TASK GOAL: Where does the string "them" appear in the material? Copy each line that holds it.

RAW DATA:
'''

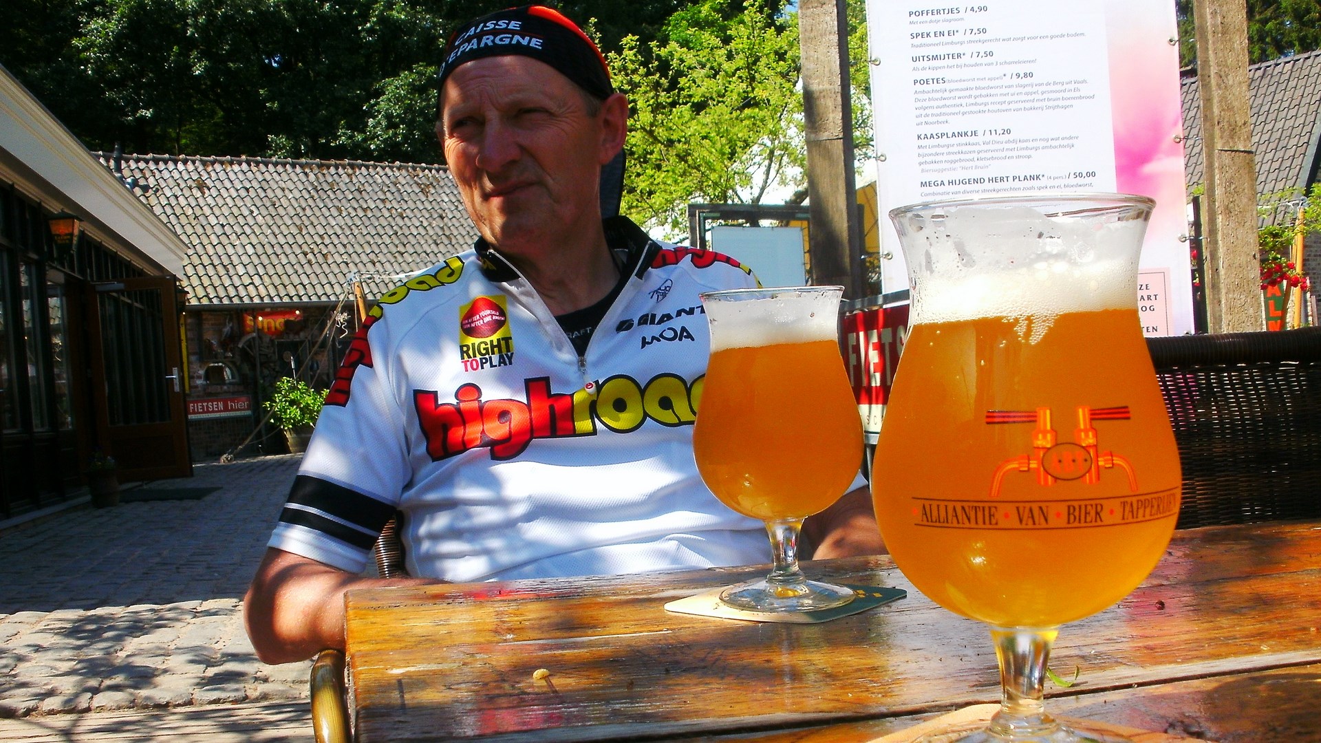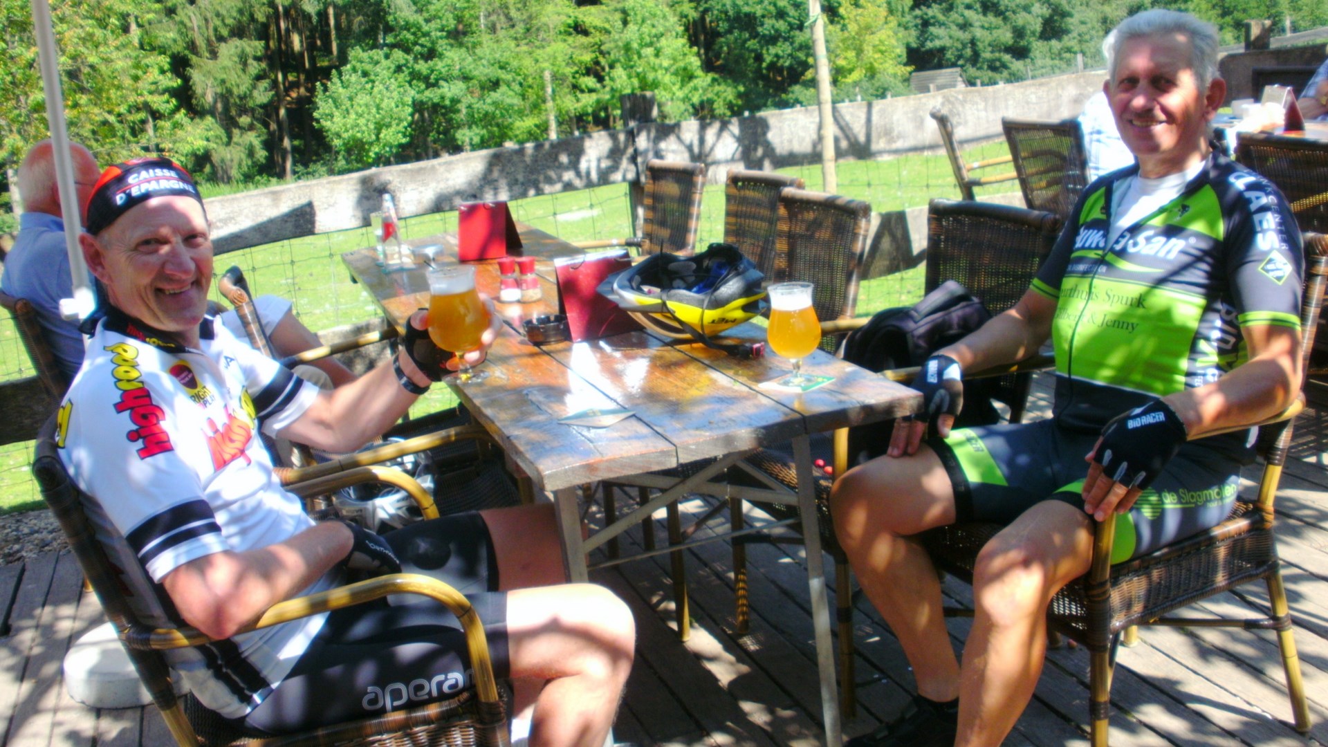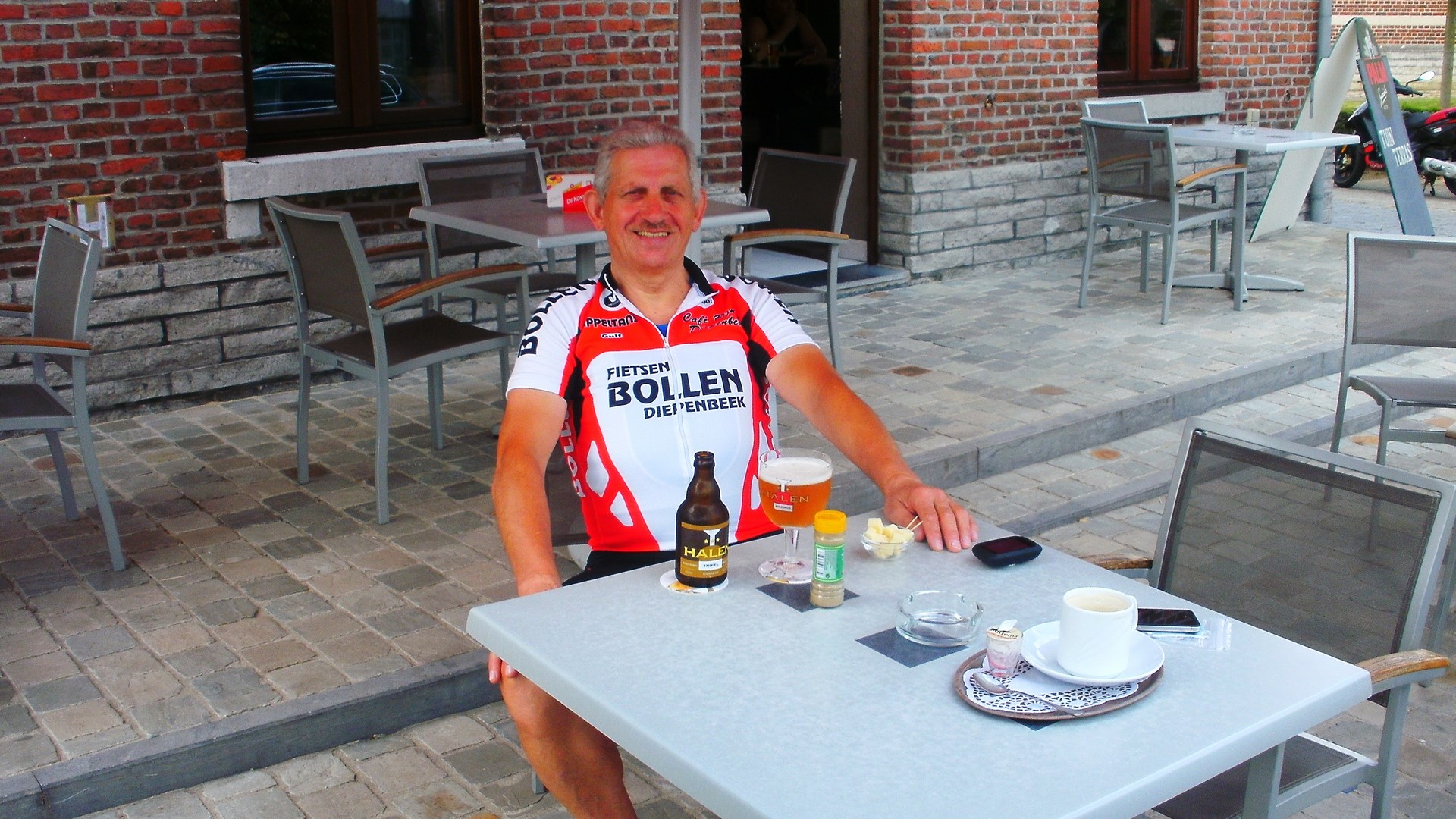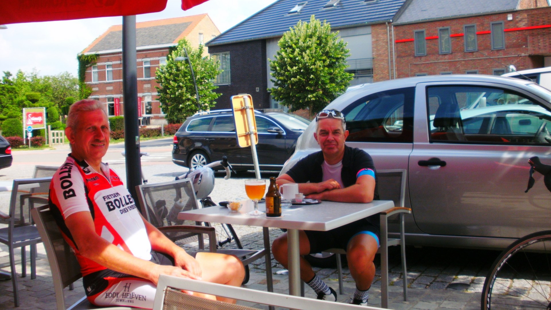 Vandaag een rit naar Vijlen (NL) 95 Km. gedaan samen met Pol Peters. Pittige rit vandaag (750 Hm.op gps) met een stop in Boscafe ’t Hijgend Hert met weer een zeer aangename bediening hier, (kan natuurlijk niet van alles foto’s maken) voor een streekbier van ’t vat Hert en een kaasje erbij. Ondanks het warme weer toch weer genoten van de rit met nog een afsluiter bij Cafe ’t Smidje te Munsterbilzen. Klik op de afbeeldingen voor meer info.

'''
'''

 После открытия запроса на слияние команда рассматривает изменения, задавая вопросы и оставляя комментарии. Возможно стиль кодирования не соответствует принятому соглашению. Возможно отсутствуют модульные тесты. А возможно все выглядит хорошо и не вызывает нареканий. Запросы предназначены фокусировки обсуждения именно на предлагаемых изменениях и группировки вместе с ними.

'''
'''

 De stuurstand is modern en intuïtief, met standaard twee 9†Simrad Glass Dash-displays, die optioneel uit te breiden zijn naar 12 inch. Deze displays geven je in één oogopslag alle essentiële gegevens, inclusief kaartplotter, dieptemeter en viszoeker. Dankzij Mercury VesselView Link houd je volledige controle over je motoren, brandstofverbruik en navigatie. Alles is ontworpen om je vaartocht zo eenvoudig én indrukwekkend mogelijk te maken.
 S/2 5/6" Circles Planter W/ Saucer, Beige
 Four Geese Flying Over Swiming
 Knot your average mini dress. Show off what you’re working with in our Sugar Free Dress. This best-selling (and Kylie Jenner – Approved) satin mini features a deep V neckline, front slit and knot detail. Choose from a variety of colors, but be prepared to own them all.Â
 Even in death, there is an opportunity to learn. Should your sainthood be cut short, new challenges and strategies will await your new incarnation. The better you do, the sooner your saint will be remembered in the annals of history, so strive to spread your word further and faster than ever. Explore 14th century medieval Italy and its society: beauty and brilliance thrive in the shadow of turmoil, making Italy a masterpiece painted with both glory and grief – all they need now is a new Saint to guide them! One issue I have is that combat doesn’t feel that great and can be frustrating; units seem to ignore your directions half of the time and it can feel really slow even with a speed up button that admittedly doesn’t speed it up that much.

'''

ANSWER:
 Knot your average mini dress. Show off what you’re working with in our Sugar Free Dress. This best-selling (and Kylie Jenner – Approved) satin mini features a deep V neckline, front slit and knot detail. Choose from a variety of colors, but be prepared to own them all.Â
 Even in death, there is an opportunity to learn. Should your sainthood be cut short, new challenges and strategies will await your new incarnation. The better you do, the sooner your saint will be remembered in the annals of history, so strive to spread your word further and faster than ever. Explore 14th century medieval Italy and its society: beauty and brilliance thrive in the shadow of turmoil, making Italy a masterpiece painted with both glory and grief – all they need now is a new Saint to guide them! One issue I have is that combat doesn’t feel that great and can be frustrating; units seem to ignore your directions half of the time and it can feel really slow even with a speed up button that admittedly doesn’t speed it up that much.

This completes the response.